Silver Lining? Economic Downturn Spurs Construction Disputes

Rob-Pitkin-214x3001For this week’s Guest Post Friday here at Musings, we welcome back Rob Pitkin. Rob (@KCconstrlawyer) is an attorney with the Construction Law Group of Horn Aylward & Bandy, LLC in Kansas City, where he handles Construction disputes and other types of sophisticated business litigation. Originally from Iowa, he graduated from Wheaton College in Illinois and Wake Forest University School of Law in North Carolina. Rob is listed in Best Lawyers in America in Construction Law and serves as an Arbitrator on construction cases for the American Arbitration Association. He has been practicing law for 25 years now and focusing on construction law for more than 15 years.

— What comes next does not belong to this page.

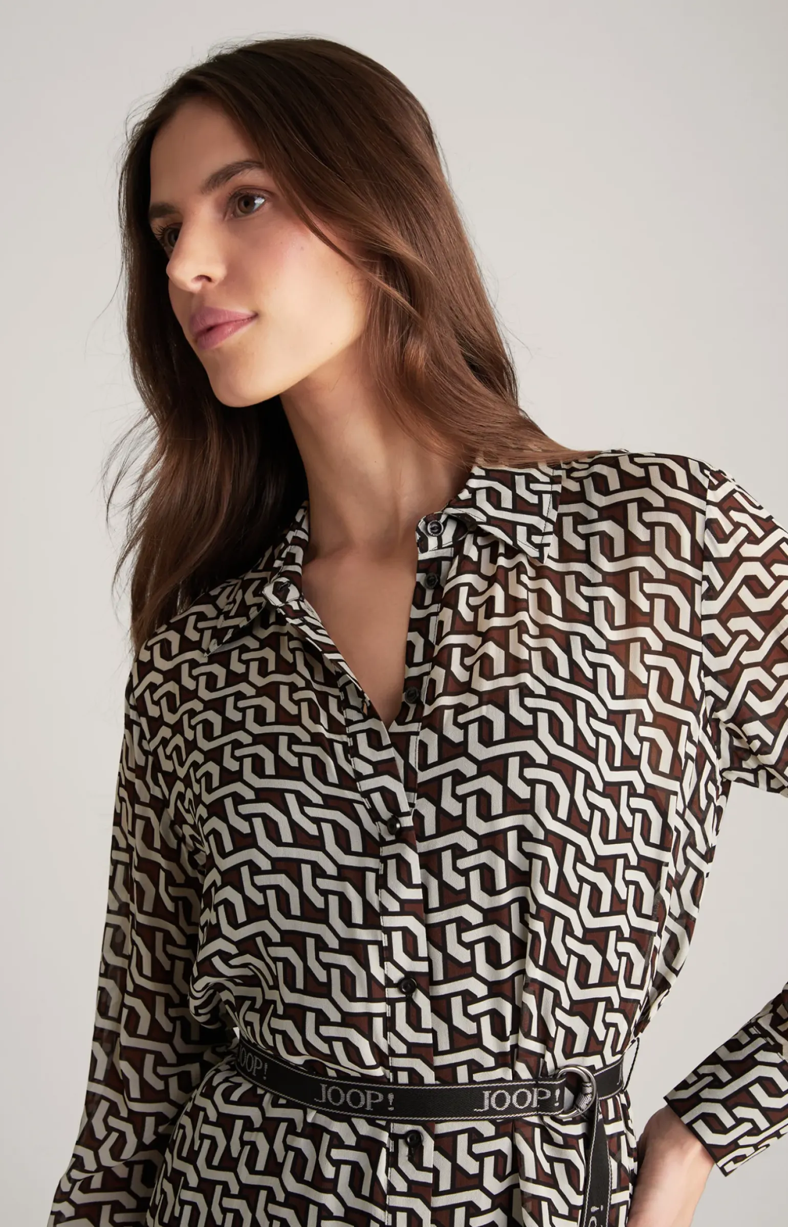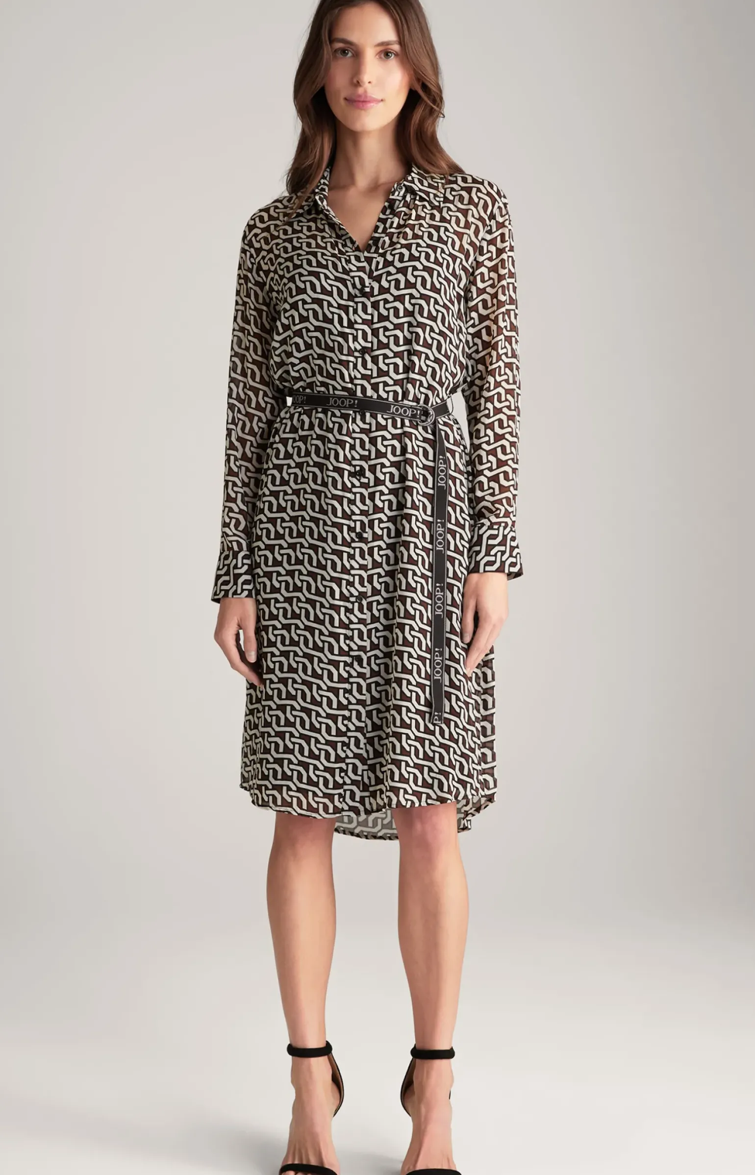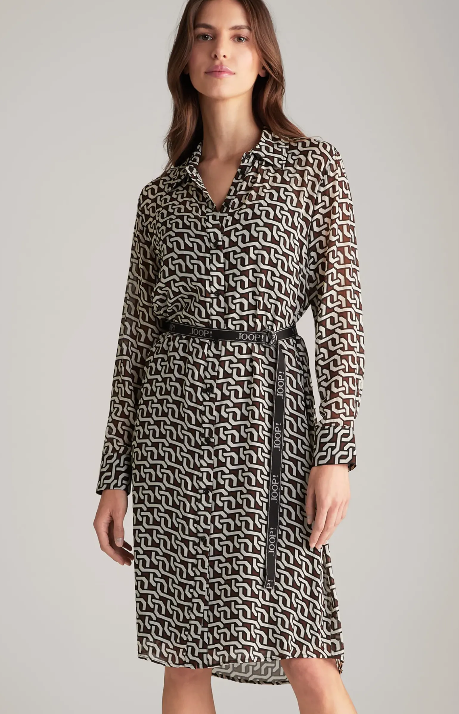 Georgette-Hemdblusenkleid in Braun/Creme/Schwarz gemustert

The economic downturn in 2008 spawned many construction disputes, some of which have given us some new law governing these types of cases. Here in the Kansas City area we are no exception.

The seminal case involved a partially completed office tower, parking garage, and hotel that ended up in bankruptcy, sold to a third party and then torn down and built for a new end user. The original project was called “West Edge” (it was to be located on the “west edge” of the famous Country Club Plaza area of Kansas City). As it turned out, the Polsinelli law firm and the Hotel Sorella ended up occupying the site.

When the original developer ended up in bankruptcy court, it was up to the bankruptcy judge to apply the mechanic’s lien laws of Missouri to the numerous claims filed against the property. The resulting opinion is a primer on Missouri mechanic’s lien law. In re Trilogy Development Co., 468 B.R. 854 (Bankr. W.D. Mo. 2011). Pitkin Construction

Another case involved the relative priority of mechanic’s liens in Missouri vis-à-vis a purchase money deed of trust. Missouri is a “recording” state for purposes of mortgages and deeds of trust, and applies the “first spade” rule to priority of mechanic’s liens. Significantly, the Missouri Supreme Court upheld the priority of the mechanic’s liens based on work that commenced before the purchase deed of trust at issue was recorded, even though the deed of trust had been issued before construction work began on the project. Bob DeGeorge Assoc., Inc. v. Hawthorn Bank, 377 S.W.3d 592 (Mo. 2012).

A third case involved the common scenario where a defendant wants to include third-party claims against potential indemnitors. Since at least 1980, Missouri had required such a defendant to first of all admit its own liability to the plaintiff before asserting such third-party claims. However, the Missouri Supreme Court declared that a defendant/third-party plaintiff can deny liability to the plaintiff, but also assert a third party claim against others who would be liable to the defendant if it is adjudge liable to the plaintiff. Travelers Property Cas. Co. of Am. v. Manitowoc Co., 389 S.W.3d 174 (Mo. 2013).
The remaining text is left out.